Task requirements:
Every line from the one with "2017 DMZ 일원" up to and including the one with "上方初步阻力关注5日均线76" is to be output exactly as it appears below; pictures are not.

Material for the task:
▼
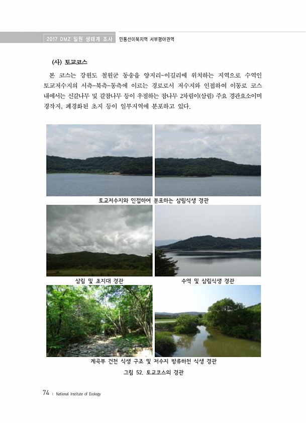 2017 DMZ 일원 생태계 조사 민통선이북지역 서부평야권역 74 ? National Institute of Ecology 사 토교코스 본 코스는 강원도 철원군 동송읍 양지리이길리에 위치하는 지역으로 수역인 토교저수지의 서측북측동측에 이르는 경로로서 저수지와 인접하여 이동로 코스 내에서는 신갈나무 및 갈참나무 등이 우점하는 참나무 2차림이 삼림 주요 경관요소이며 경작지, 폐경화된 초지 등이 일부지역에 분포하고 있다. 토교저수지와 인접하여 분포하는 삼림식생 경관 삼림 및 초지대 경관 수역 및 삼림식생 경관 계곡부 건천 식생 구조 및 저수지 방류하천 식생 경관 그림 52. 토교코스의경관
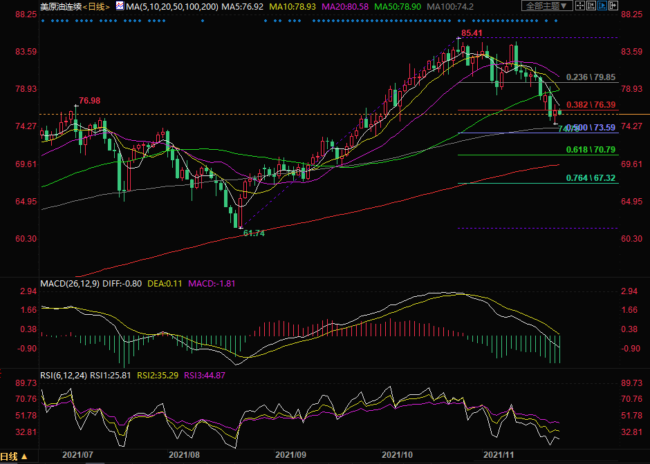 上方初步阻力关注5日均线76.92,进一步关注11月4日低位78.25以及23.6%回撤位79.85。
▲
▼
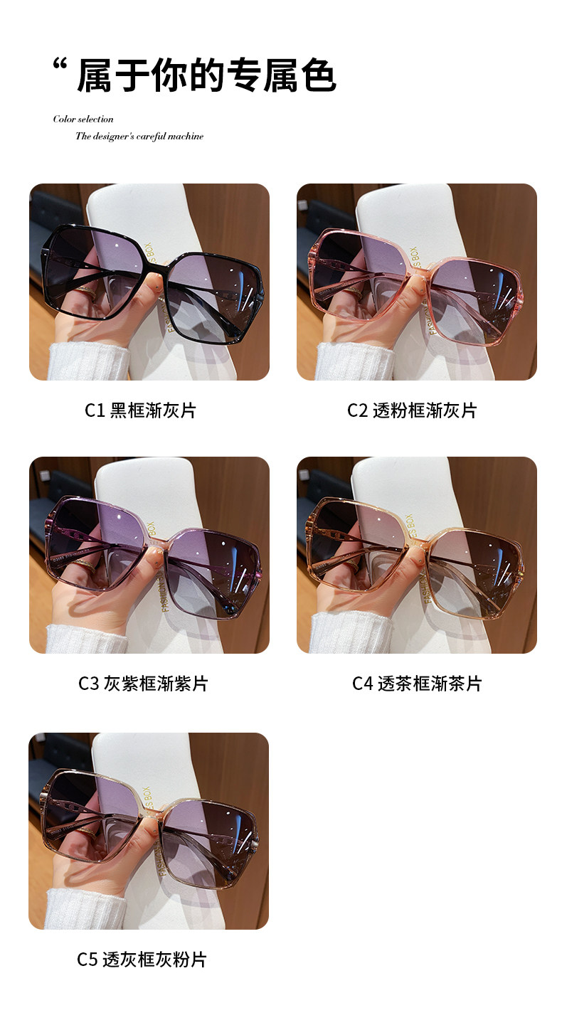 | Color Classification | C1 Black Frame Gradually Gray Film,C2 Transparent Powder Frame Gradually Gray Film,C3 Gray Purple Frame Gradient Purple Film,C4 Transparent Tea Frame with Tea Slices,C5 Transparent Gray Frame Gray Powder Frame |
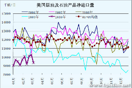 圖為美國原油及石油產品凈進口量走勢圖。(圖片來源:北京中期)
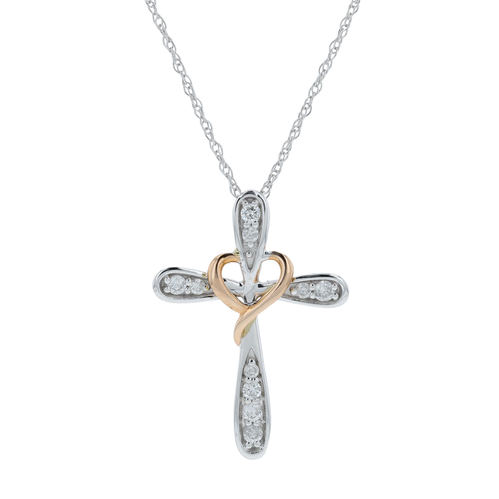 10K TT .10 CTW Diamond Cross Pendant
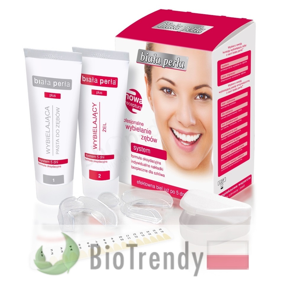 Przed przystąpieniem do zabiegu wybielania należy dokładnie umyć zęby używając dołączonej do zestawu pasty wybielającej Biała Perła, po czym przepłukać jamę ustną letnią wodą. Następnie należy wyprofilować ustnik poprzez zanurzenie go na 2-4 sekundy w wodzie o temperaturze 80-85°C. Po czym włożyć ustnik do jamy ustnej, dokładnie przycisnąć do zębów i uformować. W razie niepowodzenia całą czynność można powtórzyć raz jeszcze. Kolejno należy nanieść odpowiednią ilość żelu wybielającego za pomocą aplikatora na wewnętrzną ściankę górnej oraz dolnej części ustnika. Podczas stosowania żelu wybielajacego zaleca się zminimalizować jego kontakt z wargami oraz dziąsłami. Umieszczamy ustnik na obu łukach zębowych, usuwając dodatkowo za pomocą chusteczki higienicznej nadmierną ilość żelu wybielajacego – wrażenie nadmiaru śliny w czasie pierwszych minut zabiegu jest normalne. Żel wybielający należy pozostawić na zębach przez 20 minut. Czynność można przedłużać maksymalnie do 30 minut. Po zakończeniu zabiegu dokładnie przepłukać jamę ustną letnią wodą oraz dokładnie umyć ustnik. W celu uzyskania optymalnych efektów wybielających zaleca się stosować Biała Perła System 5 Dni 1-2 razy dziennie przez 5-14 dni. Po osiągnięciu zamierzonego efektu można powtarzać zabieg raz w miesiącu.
▲
▼
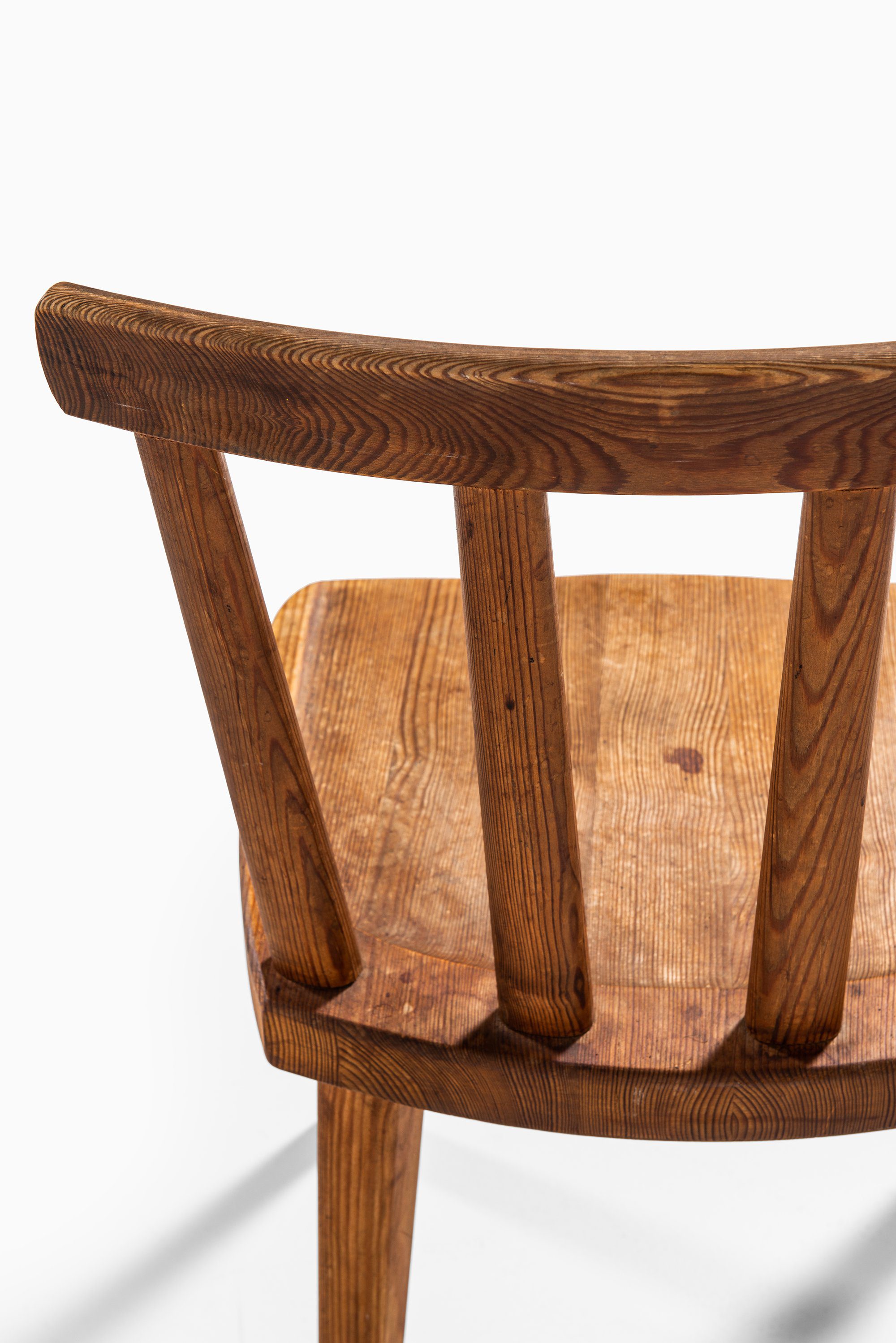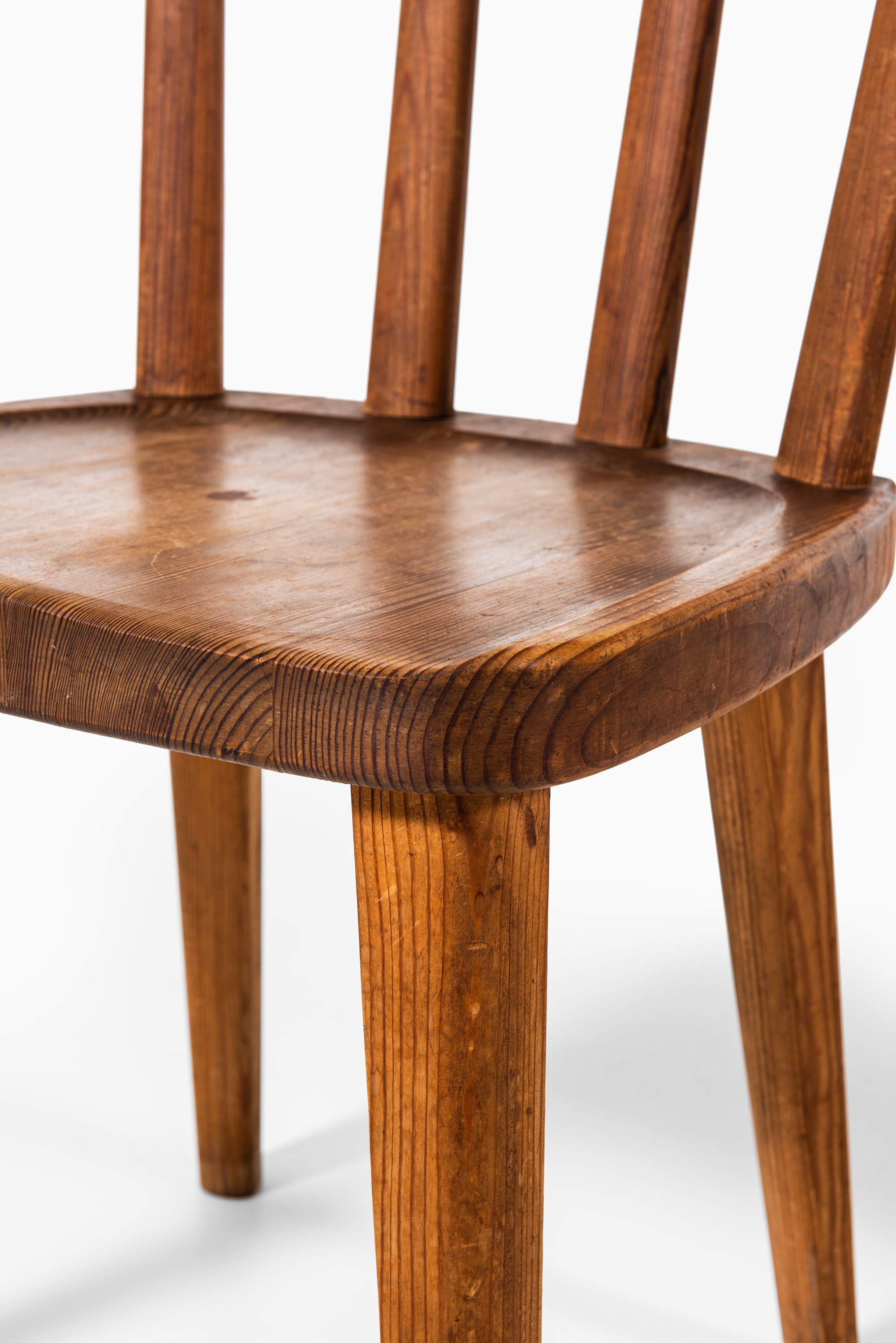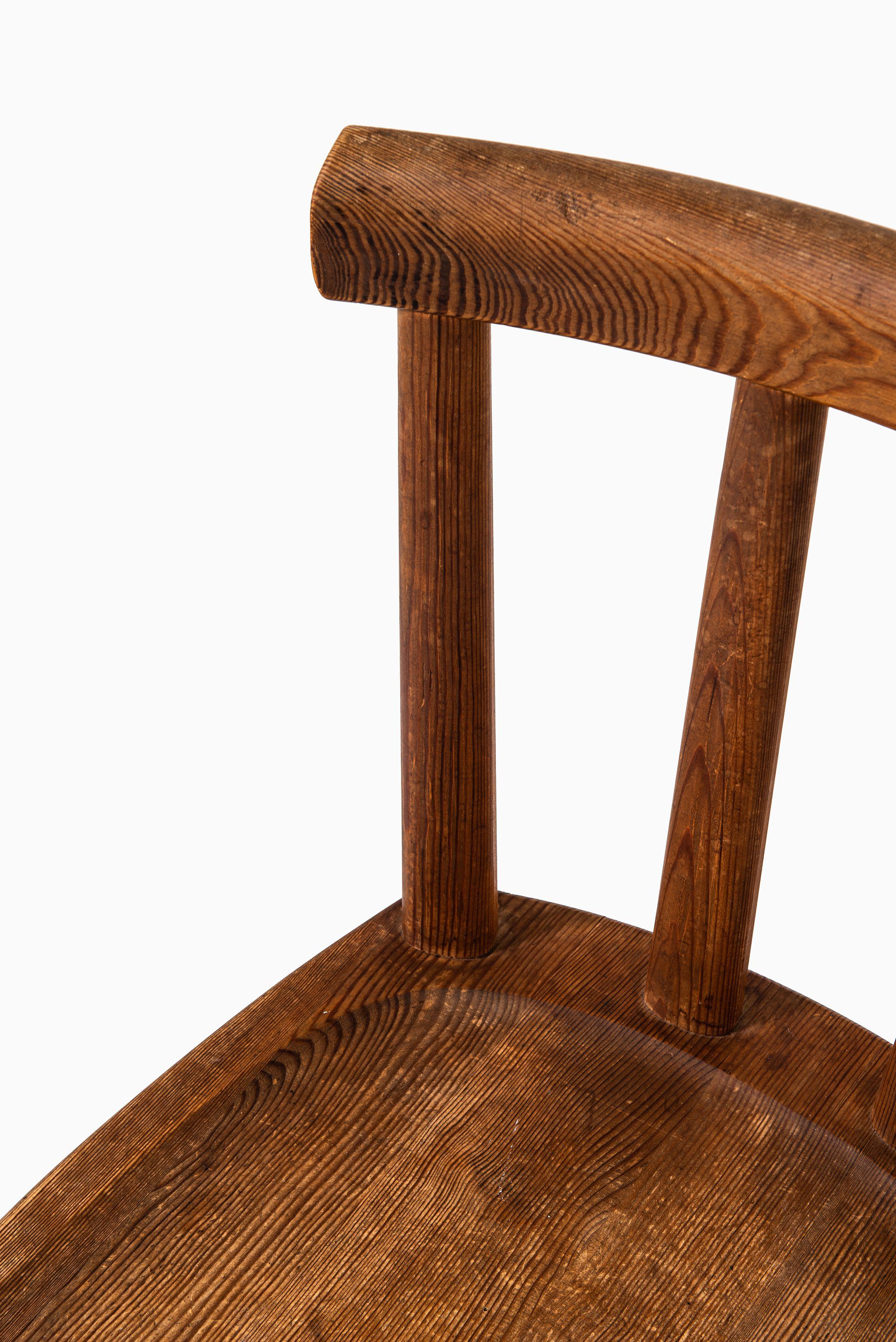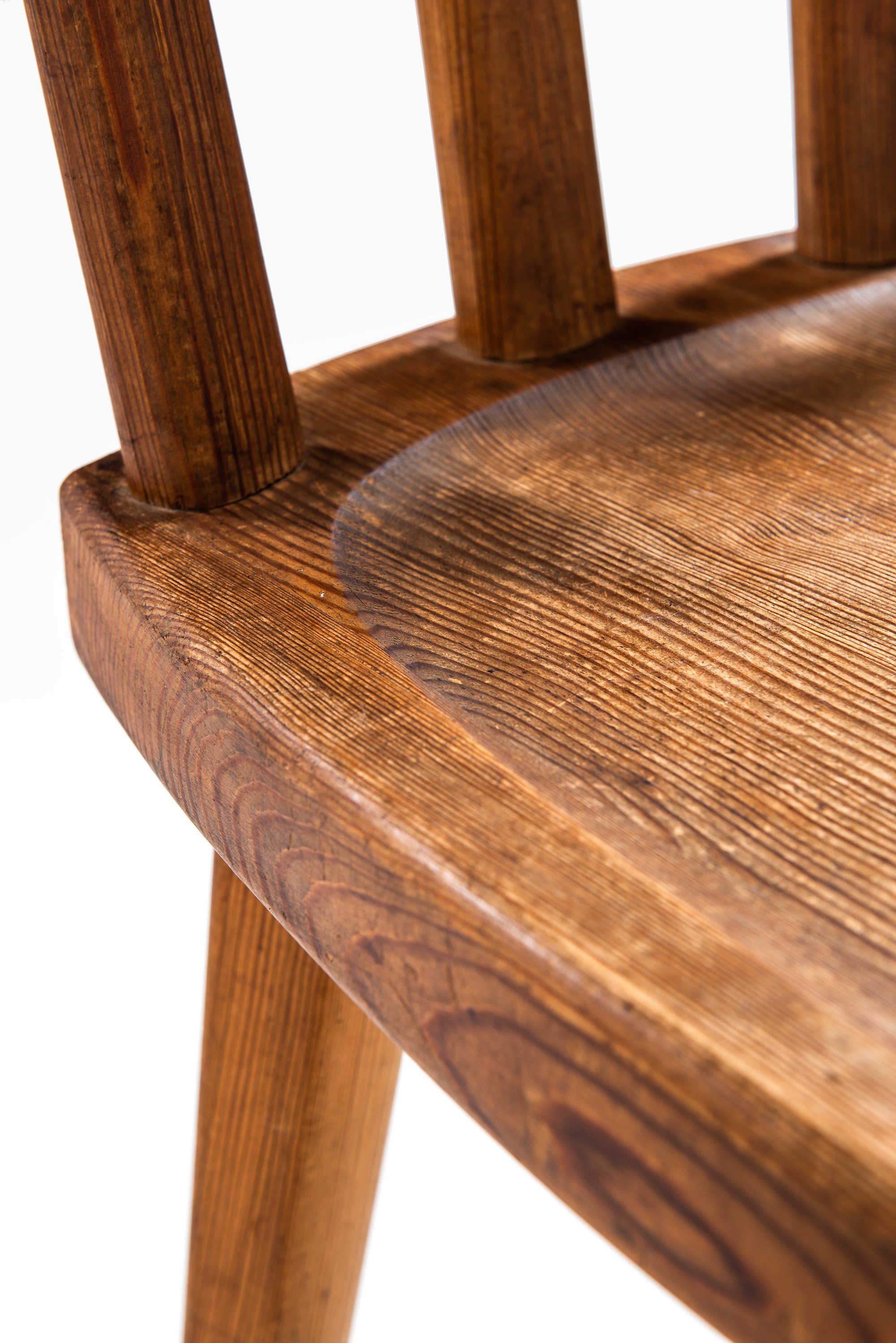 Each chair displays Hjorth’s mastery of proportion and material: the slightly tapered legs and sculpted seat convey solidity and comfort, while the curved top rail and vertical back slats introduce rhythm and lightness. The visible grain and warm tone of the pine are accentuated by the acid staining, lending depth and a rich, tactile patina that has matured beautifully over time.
▲
Solution:
 2017 DMZ 일원 생태계 조사 민통선이북지역 서부평야권역 74 ? National Institute of Ecology 사 토교코스 본 코스는 강원도 철원군 동송읍 양지리이길리에 위치하는 지역으로 수역인 토교저수지의 서측북측동측에 이르는 경로로서 저수지와 인접하여 이동로 코스 내에서는 신갈나무 및 갈참나무 등이 우점하는 참나무 2차림이 삼림 주요 경관요소이며 경작지, 폐경화된 초지 등이 일부지역에 분포하고 있다. 토교저수지와 인접하여 분포하는 삼림식생 경관 삼림 및 초지대 경관 수역 및 삼림식생 경관 계곡부 건천 식생 구조 및 저수지 방류하천 식생 경관 그림 52. 토교코스의경관
 上方初步阻力关注5日均线76.92,进一步关注11月4日低位78.25以及23.6%回撤位79.85。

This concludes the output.